Exercise materials:
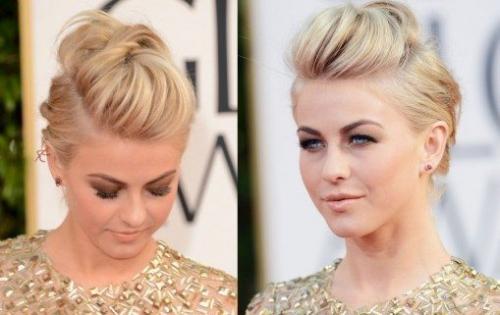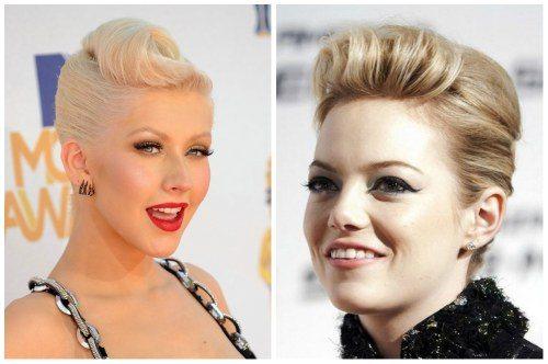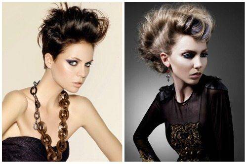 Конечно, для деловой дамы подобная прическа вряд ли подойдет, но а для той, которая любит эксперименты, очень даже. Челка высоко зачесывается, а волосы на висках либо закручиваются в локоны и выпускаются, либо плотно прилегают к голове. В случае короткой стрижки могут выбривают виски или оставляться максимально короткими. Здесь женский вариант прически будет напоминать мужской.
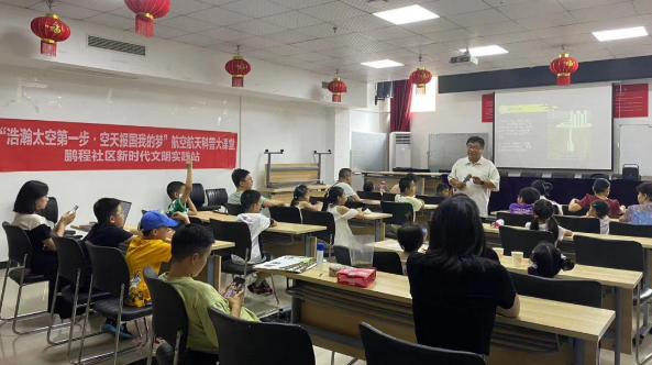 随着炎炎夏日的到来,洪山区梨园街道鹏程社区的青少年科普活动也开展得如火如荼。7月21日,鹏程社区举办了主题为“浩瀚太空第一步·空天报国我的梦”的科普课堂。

==

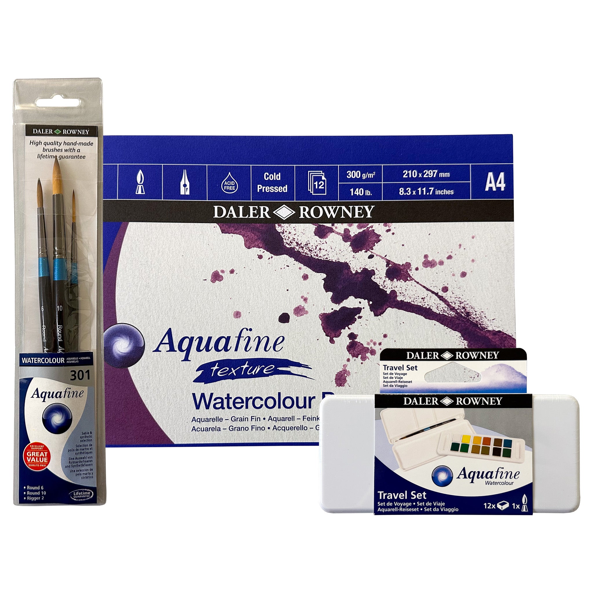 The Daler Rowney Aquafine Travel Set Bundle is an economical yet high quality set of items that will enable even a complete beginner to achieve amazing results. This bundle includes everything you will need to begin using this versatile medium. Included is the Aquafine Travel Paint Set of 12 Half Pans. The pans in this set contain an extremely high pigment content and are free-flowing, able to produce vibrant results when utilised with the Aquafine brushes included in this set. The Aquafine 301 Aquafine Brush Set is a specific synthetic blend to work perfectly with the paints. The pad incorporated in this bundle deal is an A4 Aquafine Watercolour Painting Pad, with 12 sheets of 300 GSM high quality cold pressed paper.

Problem to work on: Given the records above, return the lines starting at the one that holds "Конечно, для деловой" and ending at the one that holds "随着炎炎夏日的到来,洪山区梨", exactly, and nothing besides; leave every picture out.

Task answer:
 Конечно, для деловой дамы подобная прическа вряд ли подойдет, но а для той, которая любит эксперименты, очень даже. Челка высоко зачесывается, а волосы на висках либо закручиваются в локоны и выпускаются, либо плотно прилегают к голове. В случае короткой стрижки могут выбривают виски или оставляться максимально короткими. Здесь женский вариант прически будет напоминать мужской.
 随着炎炎夏日的到来,洪山区梨园街道鹏程社区的青少年科普活动也开展得如火如荼。7月21日,鹏程社区举办了主题为“浩瀚太空第一步·空天报国我的梦”的科普课堂。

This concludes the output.